- 194
Lessing, Doris
Description
- Lessing, Doris
- A group of typescript short-stories and related material, comprising:
- ink on paper
'The Day that Stalin Died', two copies, both with autograph corrections in blue ink, one copy with additional title-page and the other with further proof corrections and comments in red ink and pencil, 32 pages, 4to, [1957]
'Excuse Me While I'm Sick by Reggie Jones', with autograph corrections in blue ink, 49 numbered pages plus "explanatory note" (1 page), in a blue folder with a label, [c.1957], APPARENTLY UNPUBLISHED
[with:] 'Wine', corrected galley proof, 3 pages; 'Flavours of Exile', printed text from London Magazine (1957); 'Through the Tunnel', printed text from The New Yorker (1955) (incomplete), and 'Traitors', printed text from Argosy (1957), all with corrections in preparation for book publication, together with three typed letters signed by Lessing, to Maschler, enclosing copies of these and other stories, 3 pages, June 1957
[with:] 'Dialogue', autograph corrections in black ink, 17 pages, with a covering letter by Lessing to Maschler ("...You said you wanted a new story, for the Paris Review..."), [early 1960s]
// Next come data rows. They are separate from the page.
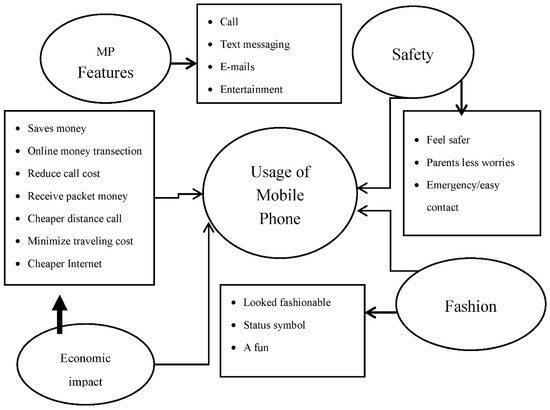 A theoretical framework was developed for the current research based on the literature review which is a guideline and a conceptual map for this research (Figure 1). Four major categories were identified, such as mobile phone (MP) features, the use of mobile phones for safety, use as a fashion symbol and mobile phones’ impact on economic factors [3,4,13,18,19,20,21].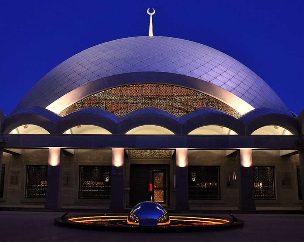 Objekat ima jednu kupolu i dvije munare visoke po 35 metara, dok su tri strane džamije okružene velikim staklenim površinama koje unutrašnjost ispunjavaju prirodnim svjetlom. Prozori su oblikovani tako da podsjećaju na stranice Kur’ana, što dodatno naglašava simboliku prostora.
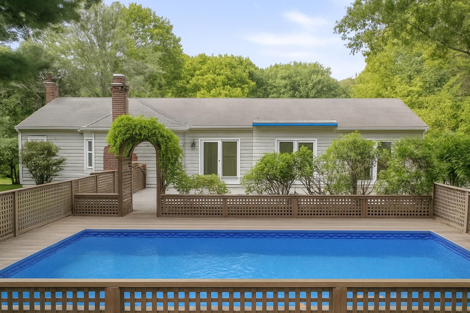 This spacious 4-bedroom, 3-bathroom ranch on .57 acres offers year-round comfort with classic Hamptons style. The open-concept layout makes everyday living and entertaining easy, while features like a heated pool with mahogany decking and fencing, outdoor shower, and wood-burning fireplace add to its relaxed appeal. Set on a lushly landscaped, well-manicured property, the home has cedar and brick siding that give it timeless curb appeal. The s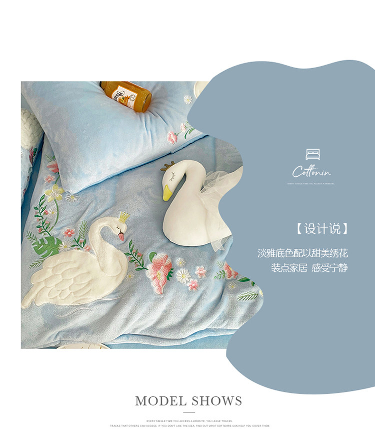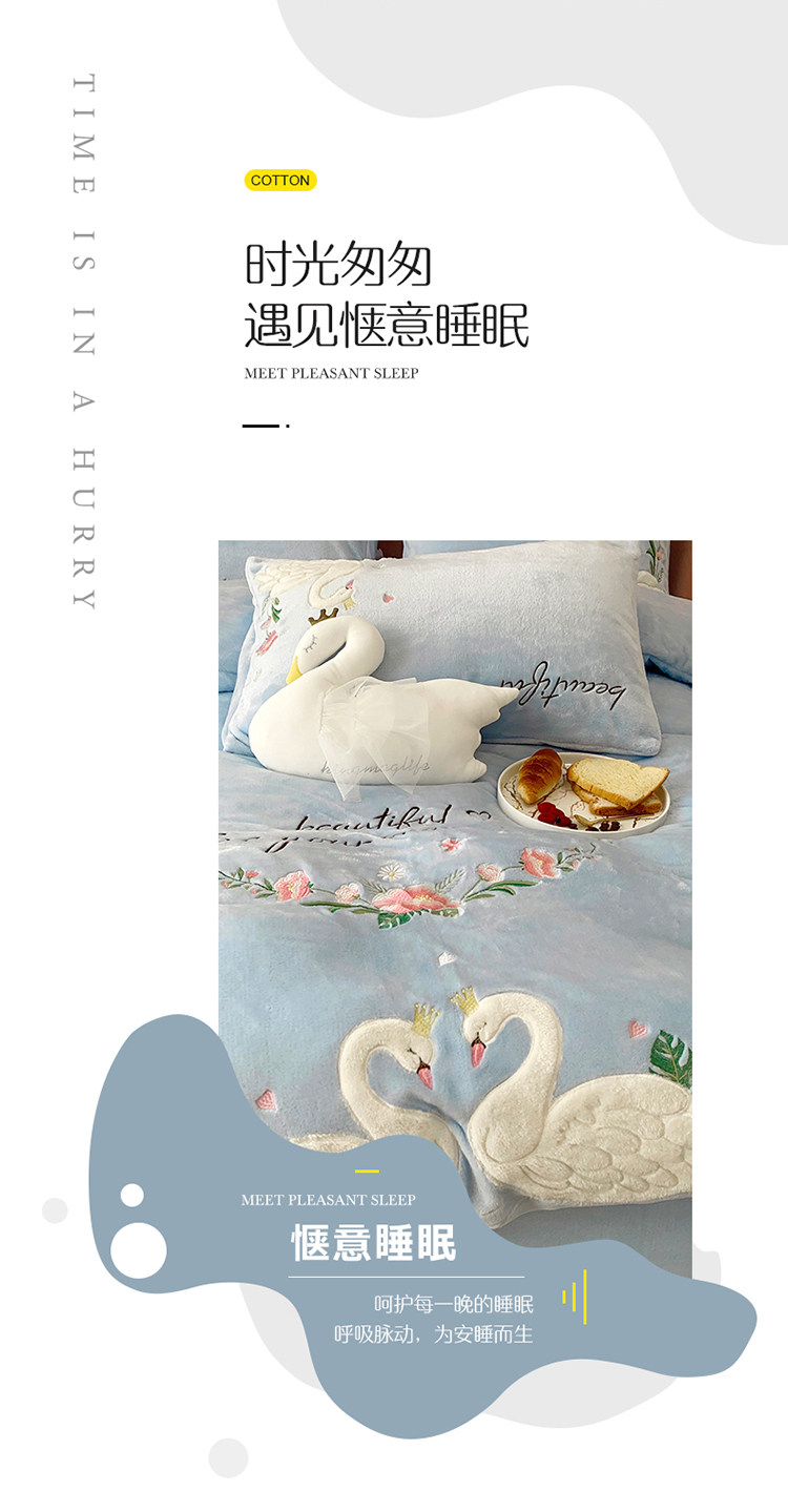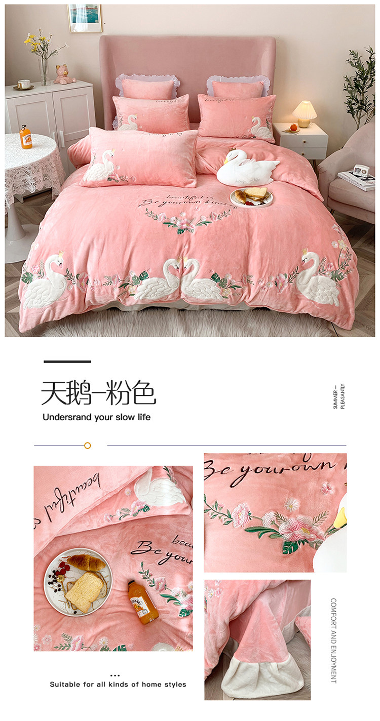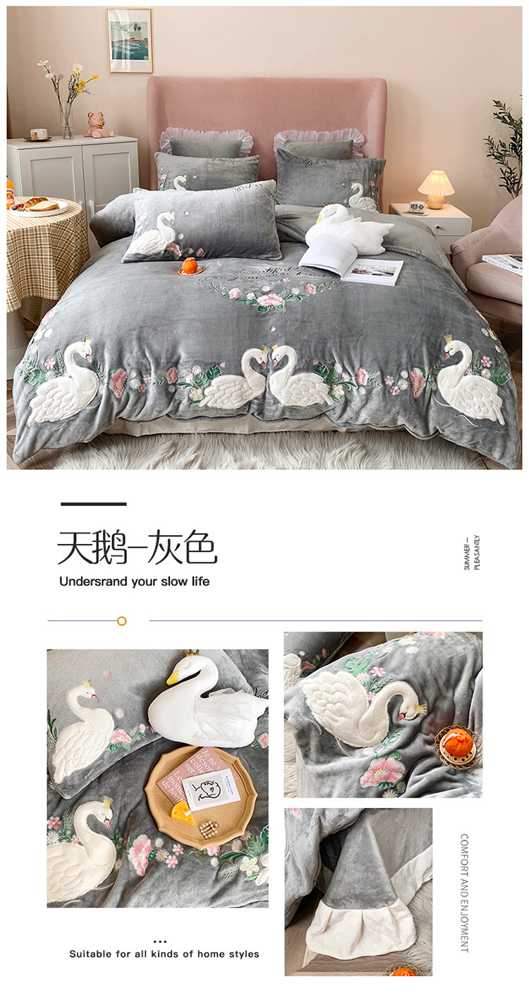 Детский лебедь, синий комплект, коралловый пододеяльник, простыня, с вышивкой, 4 предмета, легкий роскошный стиль, постельные принадлежности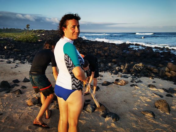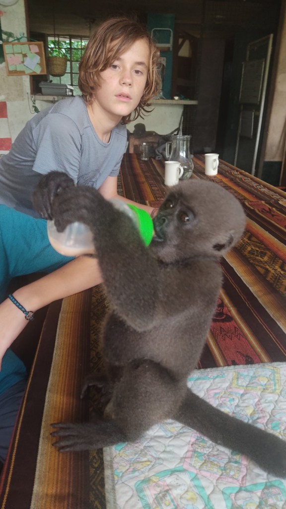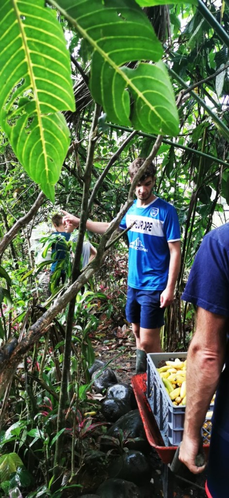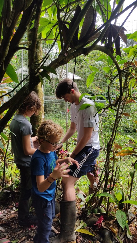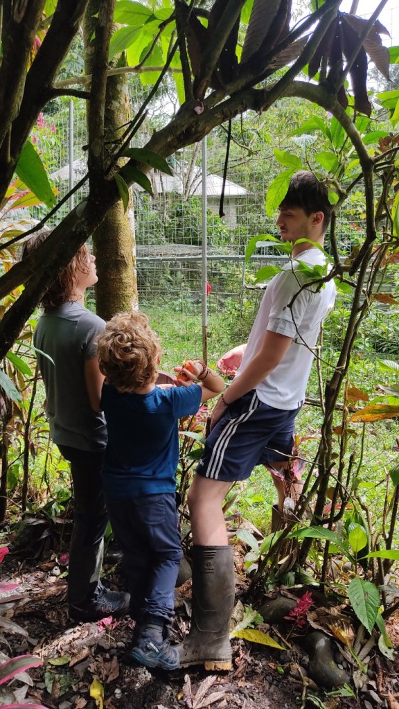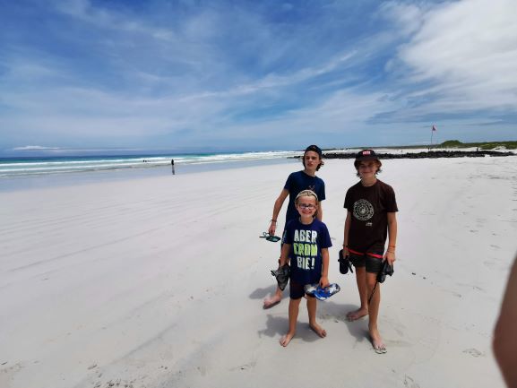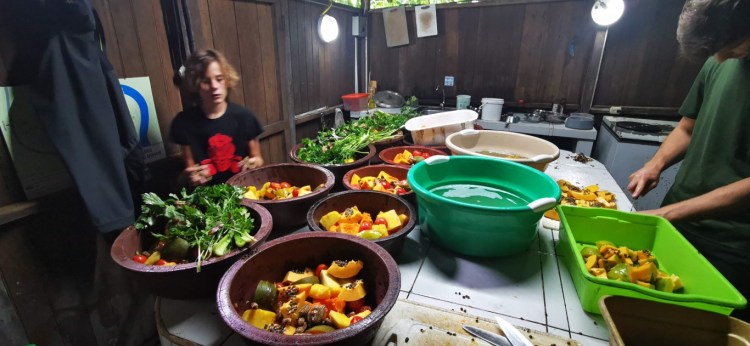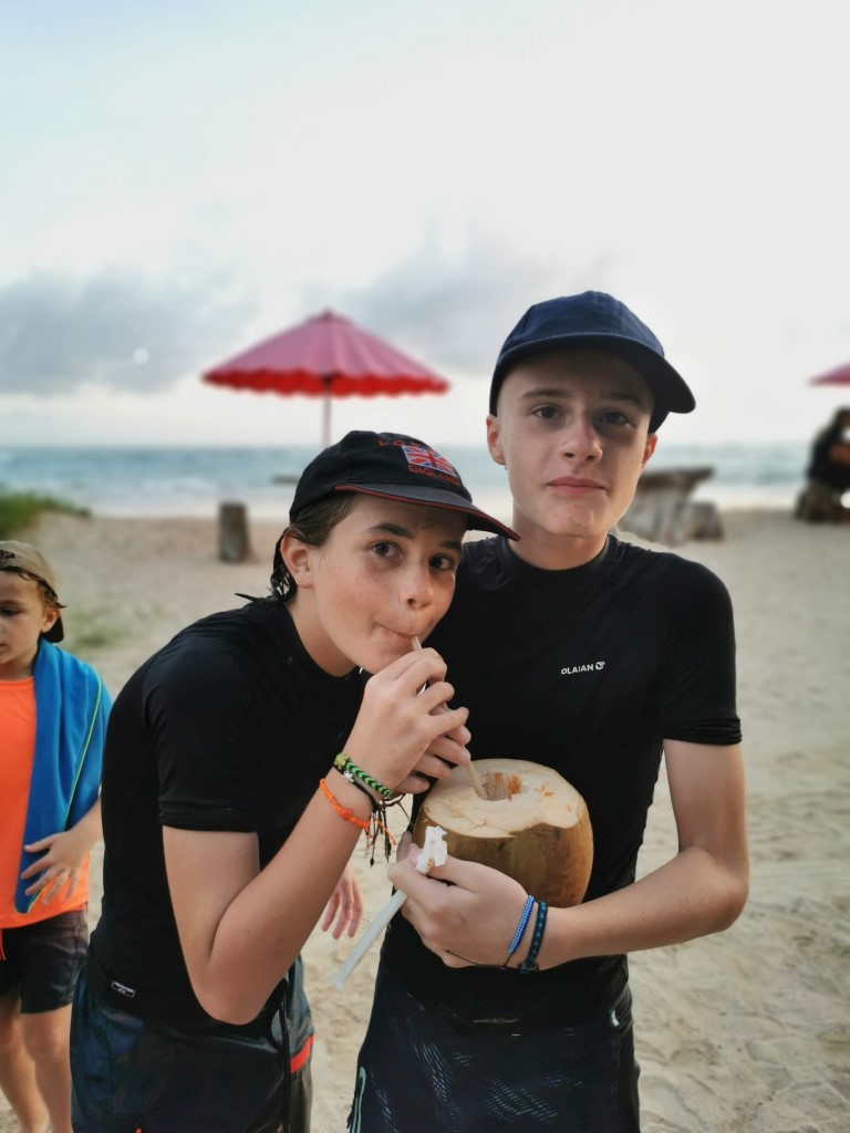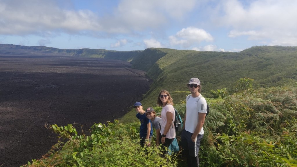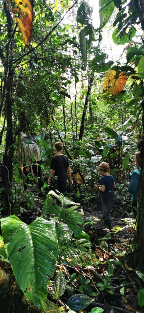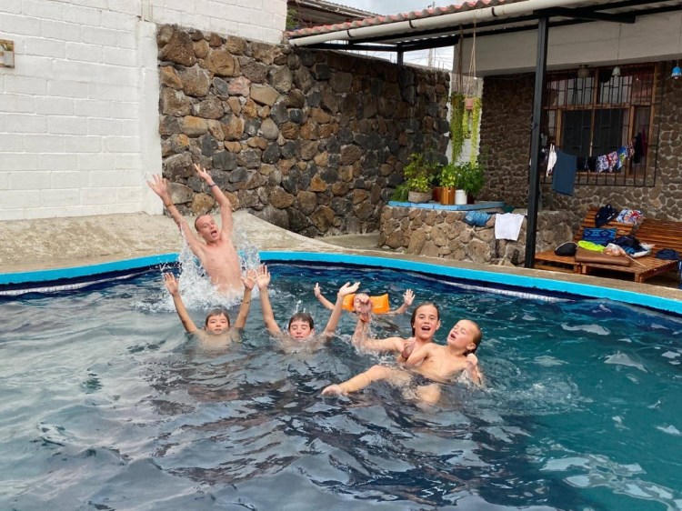Nous sommes reçus dans une belle auberge au style colonial avec une grande cour intérieur. La chef Alejandra nous reçoit et nous donne notre équipement : tablier et chapeau de cuisinier vert anis, on dirait ratatouille:) et c’est parti pour 2 heures de cuisine. Nous préparons en entrée la Causa Rellena : il s’agit d’une entrée à base de purée de pommes de terre, thon, tomate, oignons, citrons, aji jaune et avocat. Ensuite libre à chacun de bien présenter son assiette, les enfants ont été de vrais artistes ! Pour le plat principal, nous cuisinons un lomo saltado : il s’agit d’un bœuf que l’on fait flamber à l’asiatique avec du aji jaune, de l’oignon, de la sauce soja, de la sauce d’huîtres et du vin rouge. Le tout est servi avec des frites maison et du riz bien sûr. On se régale. Et pour clôturer le tout, en dessert, elle nous sert une crema volteada, à base de quinoa sous la forme d’un riz au lait avec de la cannelle.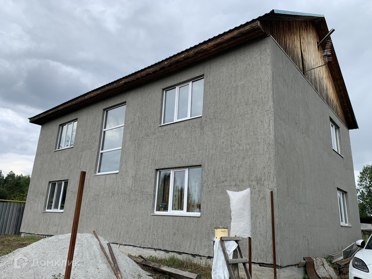 Дом построен из твин блока, фасад - с отделкой, крыша – метало черепица, пластиковые стеклопакеты везде, внутренняя отделка частичная.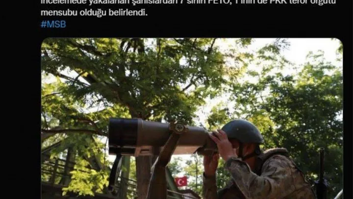 MSB'nin sosyal medya hesabından yapılan açıklamada, 'Hudut Kartalları'mız, ülkemizden Yunanistan'a ve Yunanistan'dan ülkemize yasa dışı yollarla geçmeye çalışan 15 kişiyi daha yakaladı. Yapılan incelemede, yakalanan şahıslardan 7'sinin FETÖ, 1'inin PKK terör örgütü mensubu olduğu belirlendi' ifadelerine yer verildi.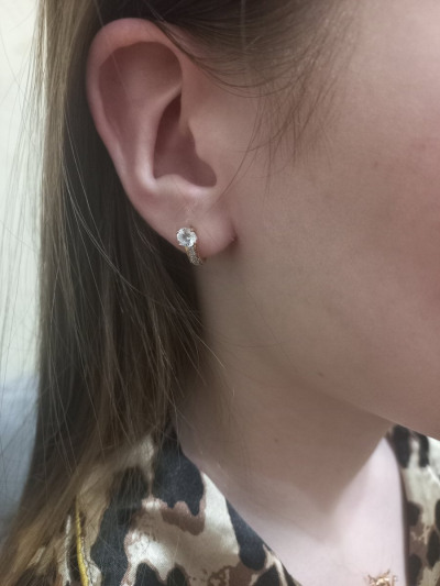 В редких случаях характеристики украшения или упаковка могут иметь отличия от представленных на фото или в описании.Серьги, вставка: фианитом бесцветным;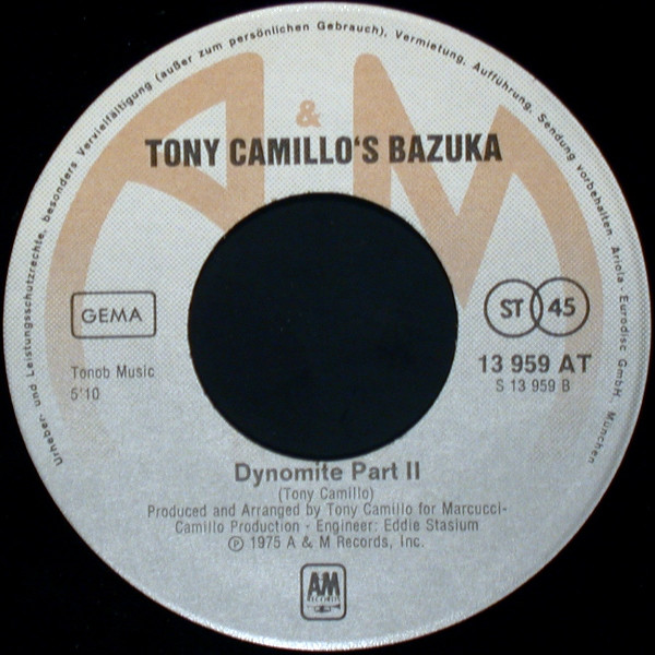 Tony Camillo’s Bazuka – Dynomite Part I & II (1975) – Very Good Plus (VG+)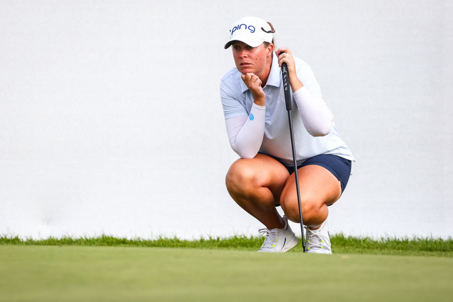 Jul 28, 2024; Calgary, Alberta, CAN; Lauren Coughlin on the 18th green during the final round of the CPKC Women’s Open golf tournament. Mandatory Credit: Sergei Belski-USA TODAY Sports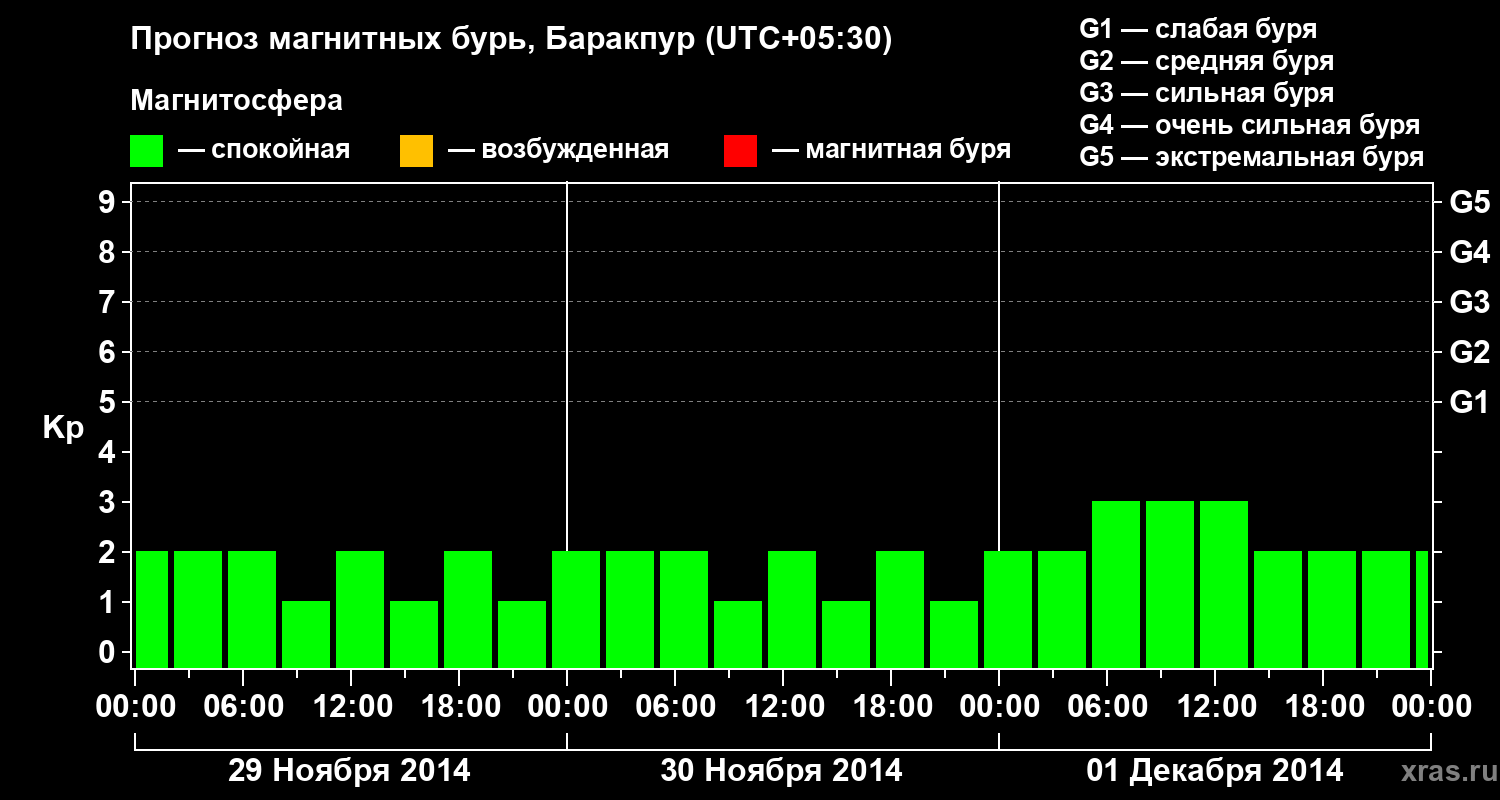 Прогноз магнитных бурь в Баракпуре — 29 ноября 2014 года

[with:] 'Debbie and Julie', autograph corrections in black ink, 22 pages, [early 1990s]
[also with:] 'The Truth About Billy Newton', rehearsal script, six pages with autograph revisions in blue ink, 83 pages, 4to, c.1960, press cuttings inserted, limp green covers
Catalogue Note
Tom Maschler
This lot is from the personal archive of Tom Maschler (b.1933), one of the leading figures of modern British publishing and identified by the Bookseller as one of the ten most influential figures in publishing of the twentieth century. As editorial director at Jonathan Cape from 1960, he was responsible for shaping the literary scene through the publication of authors including Joseph Heller, John Fowles, Doris Lessing, Gabriel Garcia Marquez, and Philip Roth, as well as many of the best English novelists to emerge in the 70s – Amis, Barnes, Chatwin, McEwan, Rushdie. Under his leadership Cape published some 15 Nobel laureates, and his forays into children’s books included bringing together Roald Dahl and Quentin Blake. The ten lots from his collection (lots 188-197) give significant insights into his varied career and literary interests, from Declaration, the collection of essays that made his name, to correspondence with two very different writers with whom he developed a particular rapport – John Fowles and Doris Lessing. They also include a small number of letters by an earlier generation of authors (Raymond Chandler and Malcolm Lowry) that were acquired by Maschler.